Extracted entries:
_____

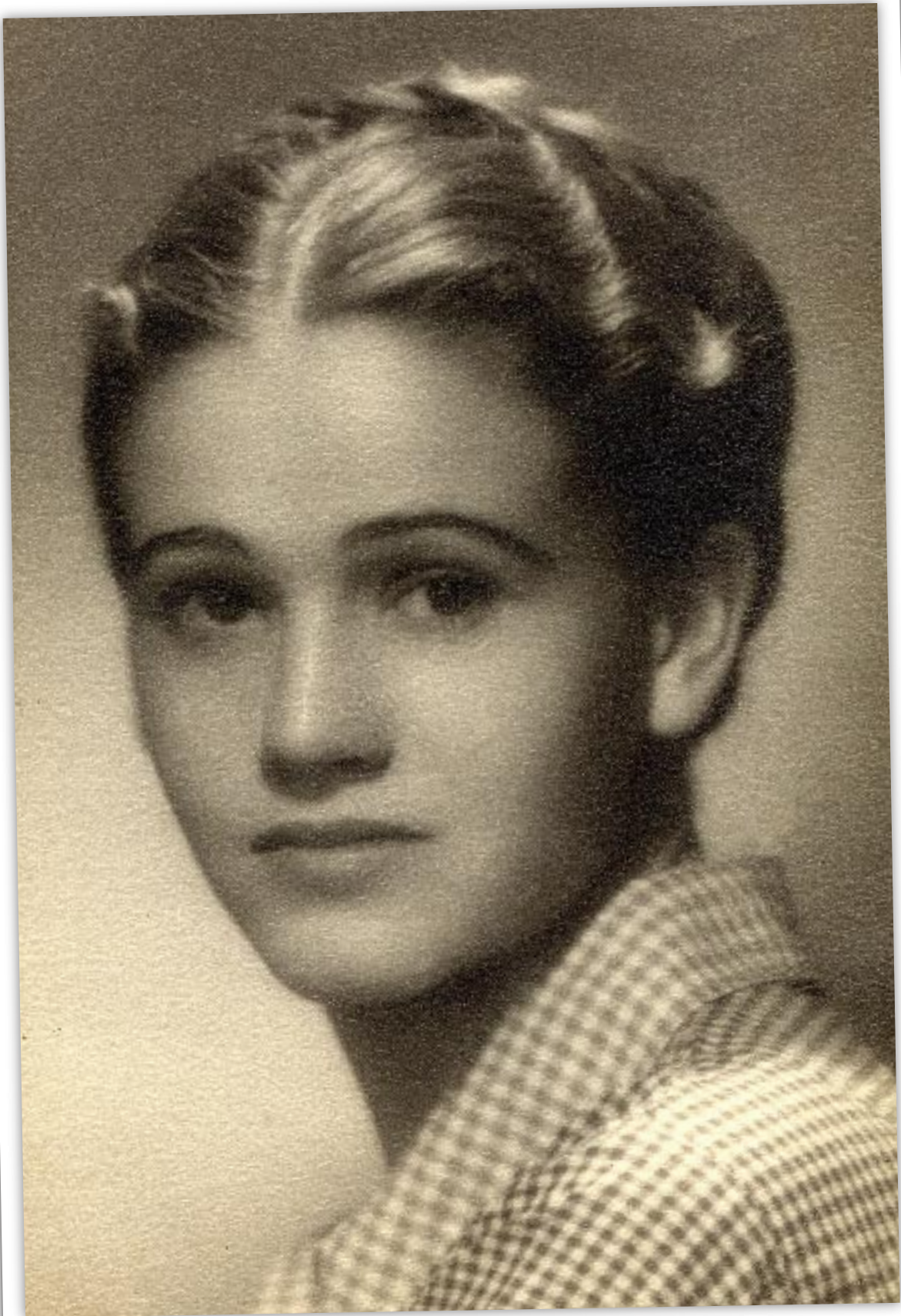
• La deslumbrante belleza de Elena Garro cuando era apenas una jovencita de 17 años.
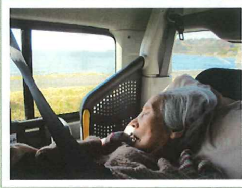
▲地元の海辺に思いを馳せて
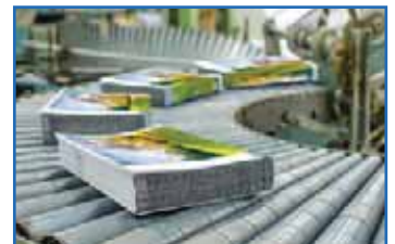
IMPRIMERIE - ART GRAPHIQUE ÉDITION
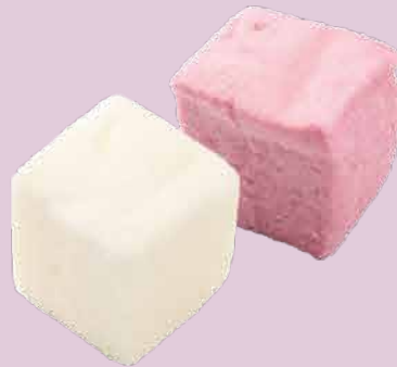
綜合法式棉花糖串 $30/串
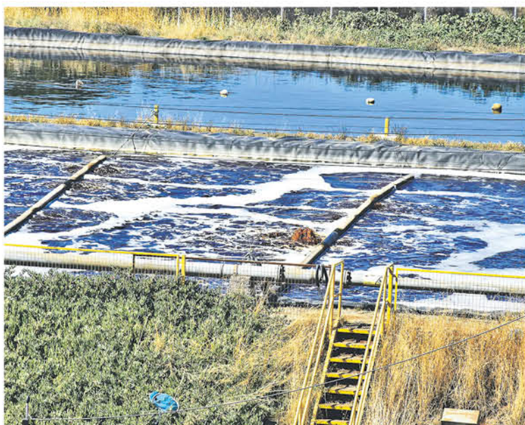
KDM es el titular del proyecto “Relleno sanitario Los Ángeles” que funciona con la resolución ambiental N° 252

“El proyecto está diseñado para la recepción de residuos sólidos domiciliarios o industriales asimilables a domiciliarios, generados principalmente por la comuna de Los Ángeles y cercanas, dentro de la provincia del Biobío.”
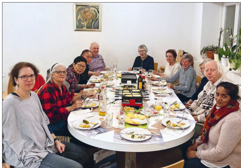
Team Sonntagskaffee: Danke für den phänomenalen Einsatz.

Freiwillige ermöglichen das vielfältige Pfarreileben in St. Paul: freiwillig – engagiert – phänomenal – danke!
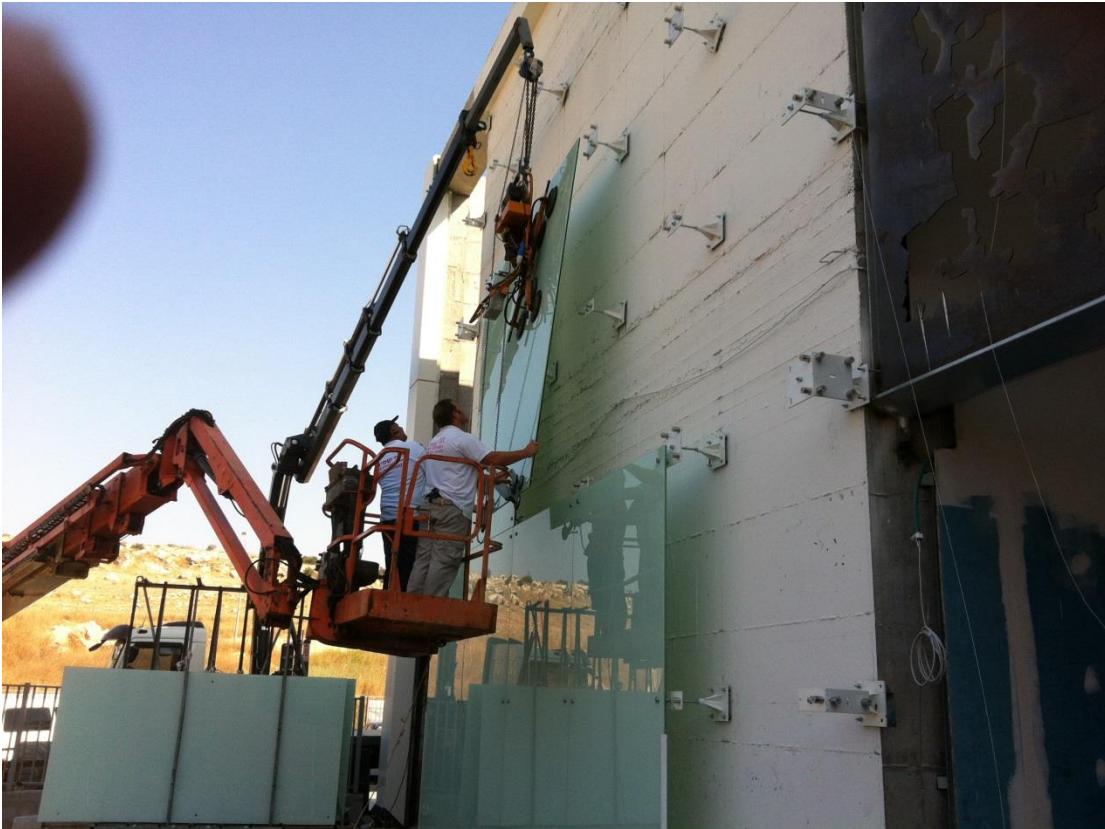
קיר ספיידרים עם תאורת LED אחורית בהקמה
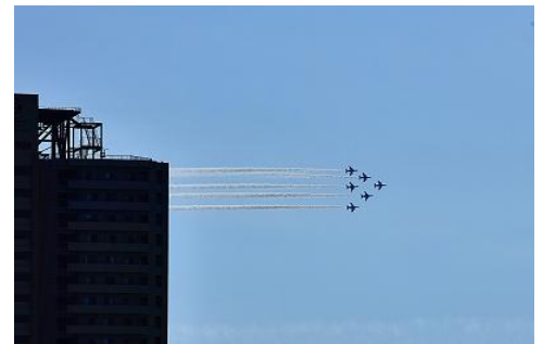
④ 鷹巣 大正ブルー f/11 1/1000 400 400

_____

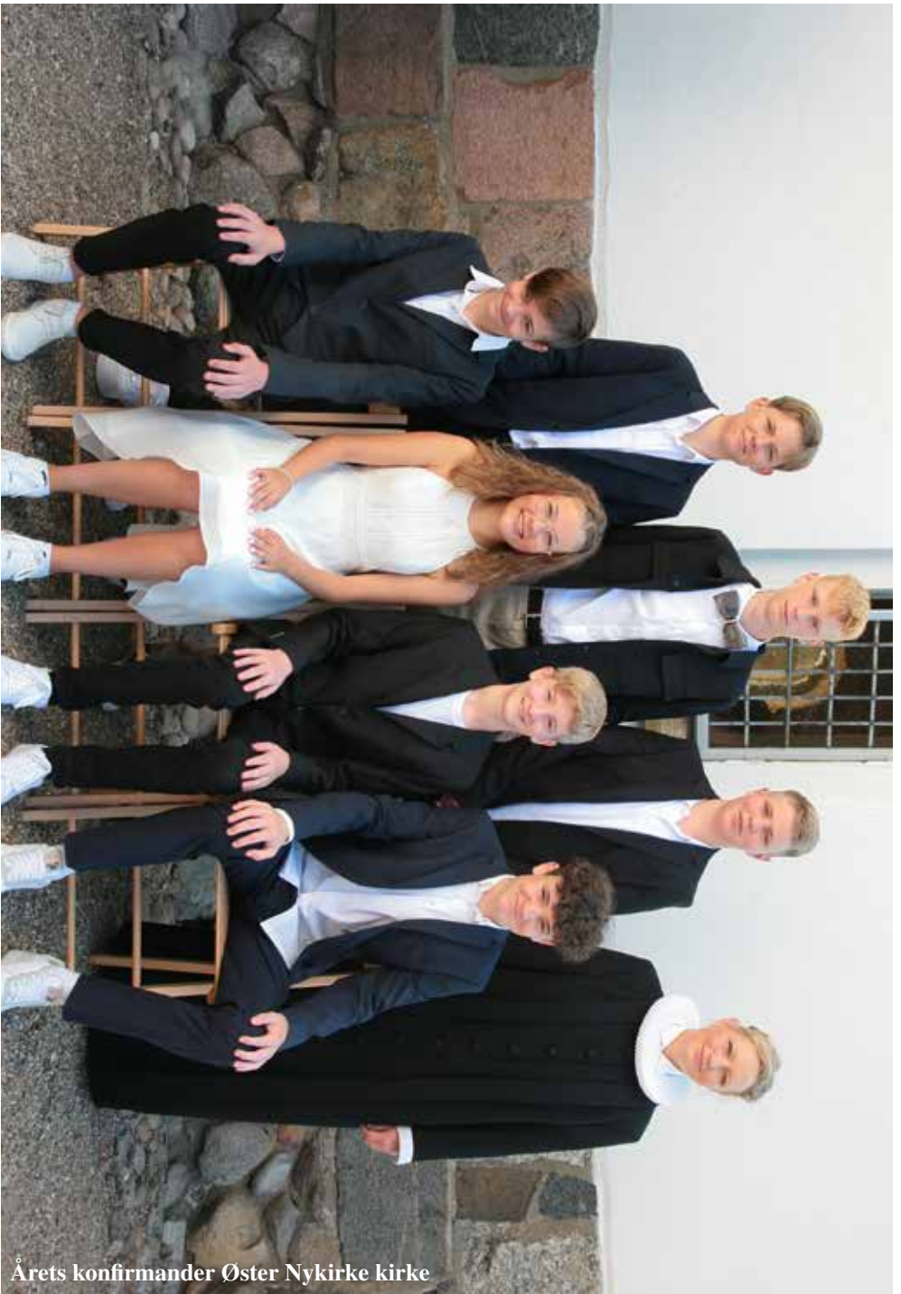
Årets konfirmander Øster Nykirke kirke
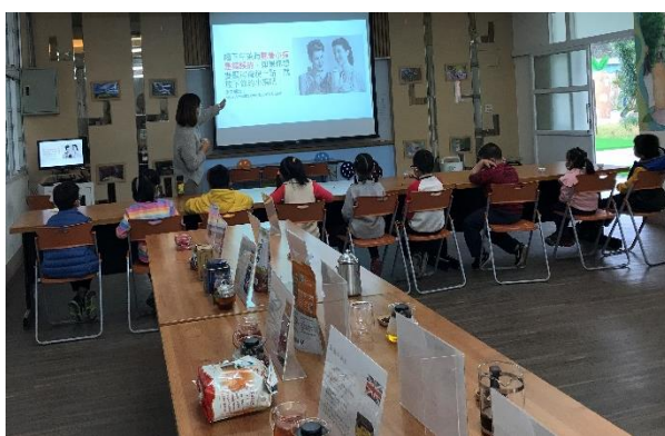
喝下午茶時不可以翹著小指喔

_____

Task requirements: Given the listing above, retype only the span of lines from the line with "Årets konfirmander Øster Nykirke kirke" up to and including the line with "喝下午茶時不可以翹著小指喔", exactly as it stands and without pictures.

Task response:
Årets konfirmander Øster Nykirke kirke
喝下午茶時不可以翹著小指喔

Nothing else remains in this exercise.